Naomi Benaron talks about the resilience of the human spirit in her debut novel about the genocide in Rwanda, Running the Rift.

You’ve worked with Rwandan genocide survivors. What is your involvement in that community, and how did you research the novel?

I first worked with a genocide survivor in Tucson, got to know her, and then went to a genocide conference in Sacramento. There’s a wonderful man, Alexandre Kimenyi; I dedicated my book to him and his wife, Mathilde Mukantabana. Most of the genocide survivors I worked with, I met through them. I went to Rwanda in 2002 and felt very connected to the whole story—my mother lost most of her family in the Holocaust. I went back twice for research, and last June I went to the wedding of my unofficially adopted son there.

Your novel carries unlikely themes of acceptance and forgiveness.

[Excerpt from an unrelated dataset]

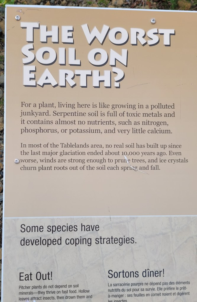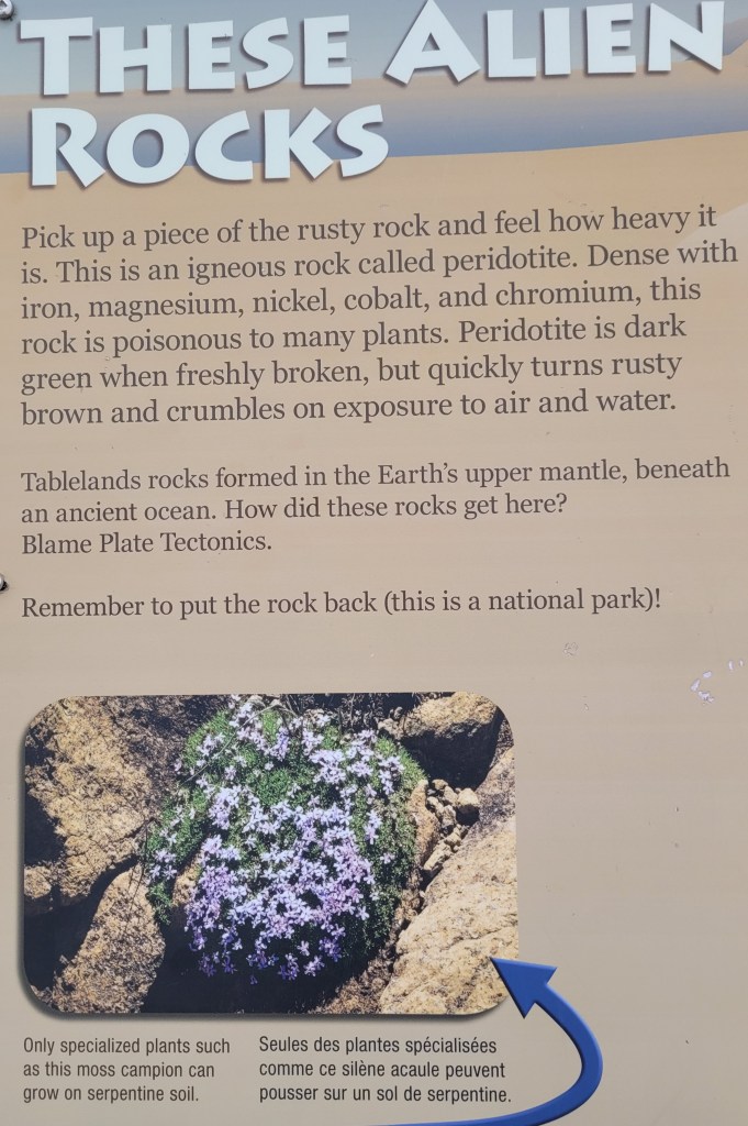 We were encouraged to stop at Tablelands for a feeling of walking on the moon’s surface. It is one of only a few places on earth where mantle rock (what was the middle layer of earth) lies exposed on the ground and is accessible to visitors.
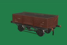 The diagram 1/039 high goods wagon had a tarpaulin bar to avoid the situation where water could lie on the tarpaulin and eventually leak through onto the cargo. A total of 5650 were built at Derby and Ashford in 8 lots between 1951 and 1957.

Are these messages you’ve heard from the genocide survivors?

Yes and no. A lot of the genocidaires feel a chilling unrepentance for what they’ve done. Mathilde’s parents were murdered; they’d never found the bodies. Then the killer confessed that he’d thrown the bodies in a latrine. Mathilde and her husband went back to Rwanda to that location. They were digging and digging, but didn’t find anything. Then the killer confessed, “I didn’t really throw them there. I just said that to get out of prison.” So there’s an undercurrent that it could happen again, that nothing has changed. But there have also been Hutu who have gone to their neighbors and said, “I’m sorry, please forgive me.” So in some instances, forgiveness has taken place.

One of your most complex characters is a genocidaire. He feels no remorse, but he has one relationship that, in a small way, redeems him.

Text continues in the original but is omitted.